[Work order]: Transcribe the lines below exactly, beginning with the line that holds "Women’s Black Faux" and ending with the final line, both included. Pictures are to be left out.

[Data extract]:

======

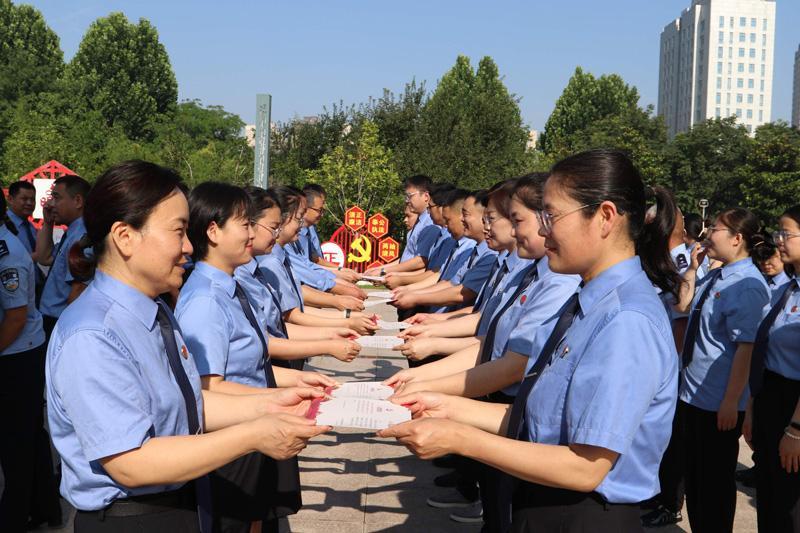 近日,民权县人民检察院开展升国旗、重温入党誓词、讲授专题党课、送上一张“政治生日贺卡”等庆“七一”系列活动。在活动上,该院相关领导向“七一”前后加入中国共产党的党员干警送去党的祝福,并为“过生日”的党员们赠送“政治生日”贺卡。
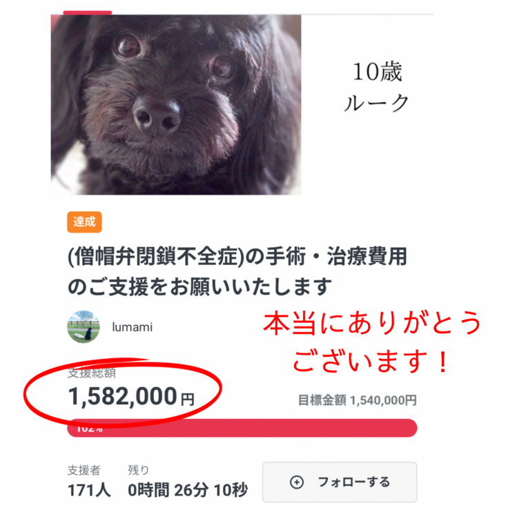 皆さまからご支援頂いた資金は、手術費用154万円のために使用させて頂きます。
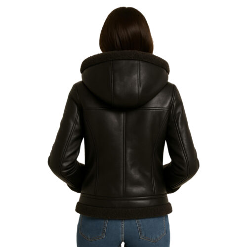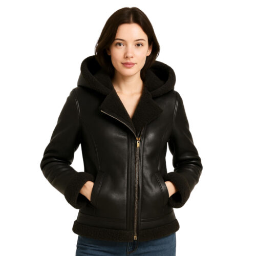 Women’s Black Faux Shearling-Lined Hooded Aviator Moto Jacket
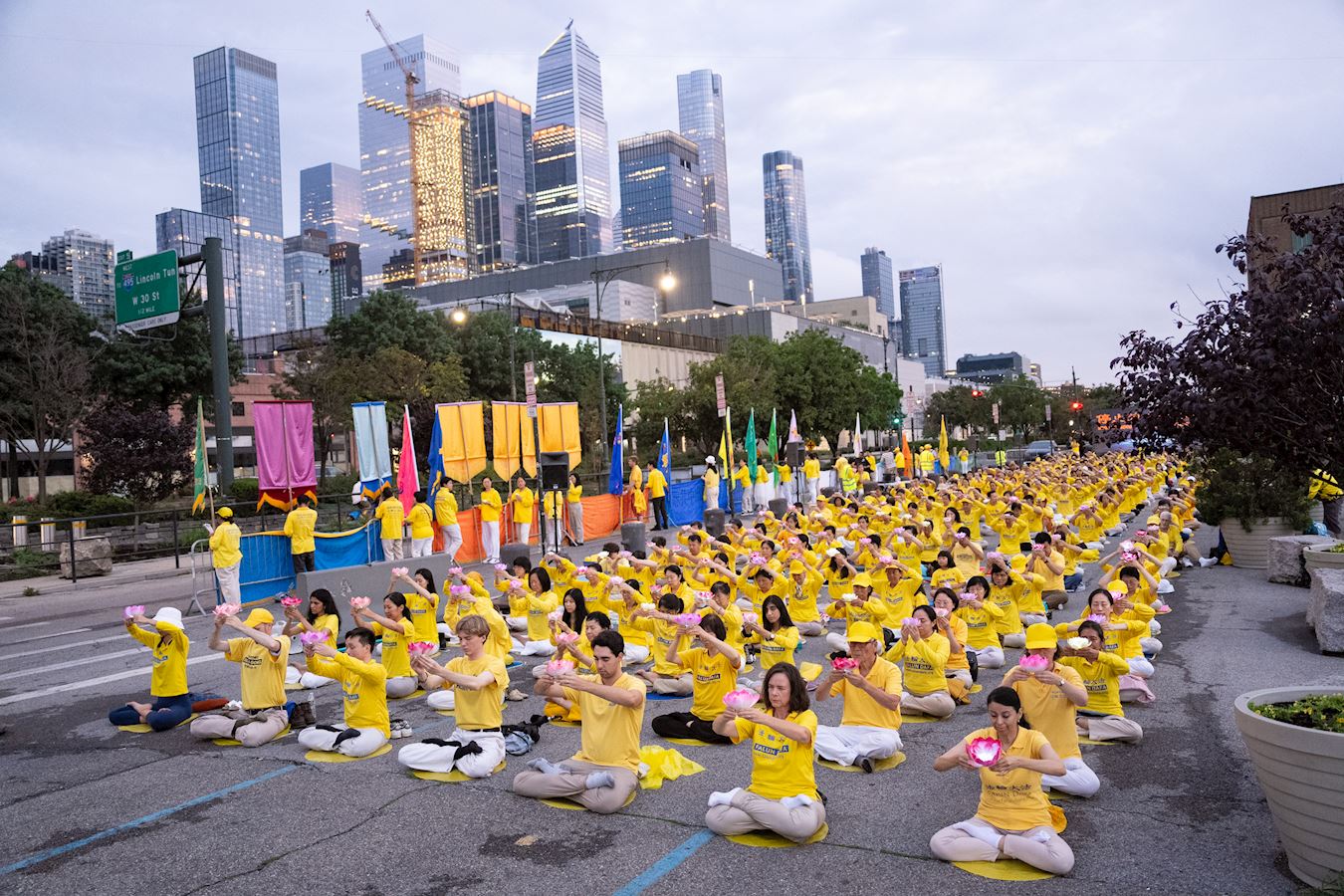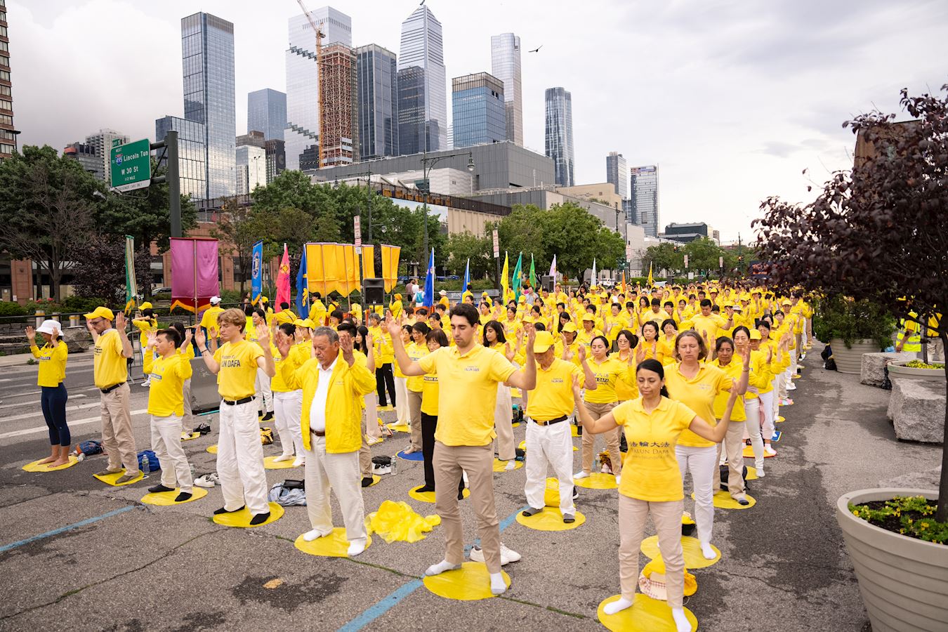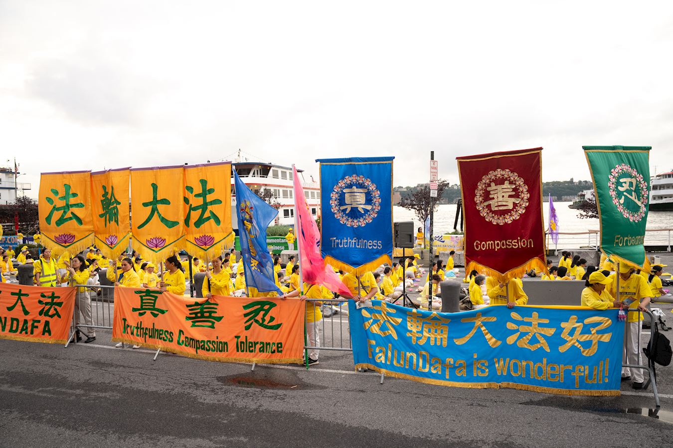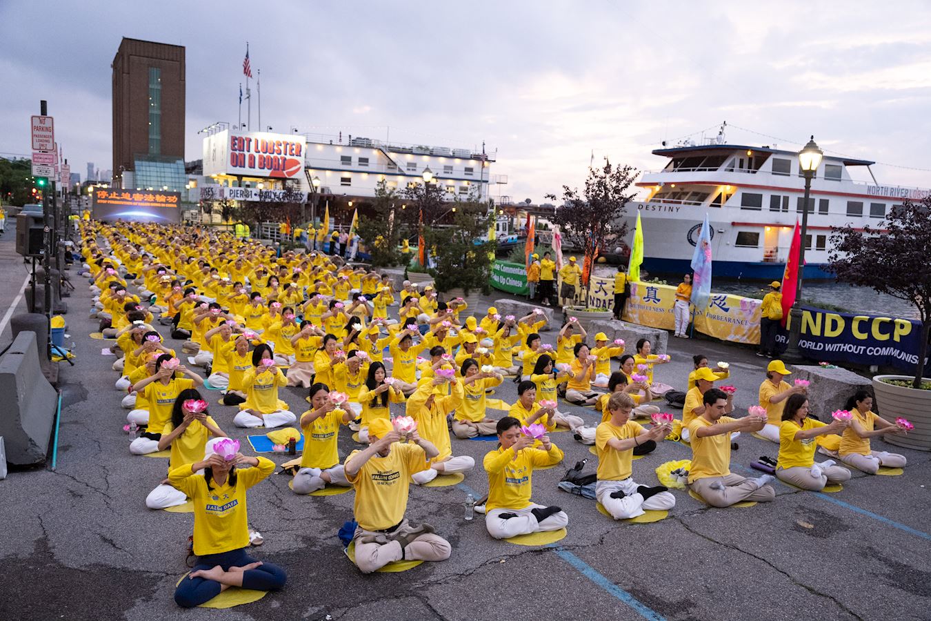 曼哈顿哈德逊河畔,法轮功学员面向中领馆打出“法轮大法”、“真善忍”、“停止迫害法轮功”、“声援4.1亿勇士退出中共邪*党-”等橫幅。播放全球.退:党!大潮视频的LED真相车,环绕中领馆所在地的十二大道行驶。

======

[Problem solution]:
 Women’s Black Faux Shearling-Lined Hooded Aviator Moto Jacket
 曼哈顿哈德逊河畔,法轮功学员面向中领馆打出“法轮大法”、“真善忍”、“停止迫害法轮功”、“声援4.1亿勇士退出中共邪*党-”等橫幅。播放全球.退:党!大潮视频的LED真相车,环绕中领馆所在地的十二大道行驶。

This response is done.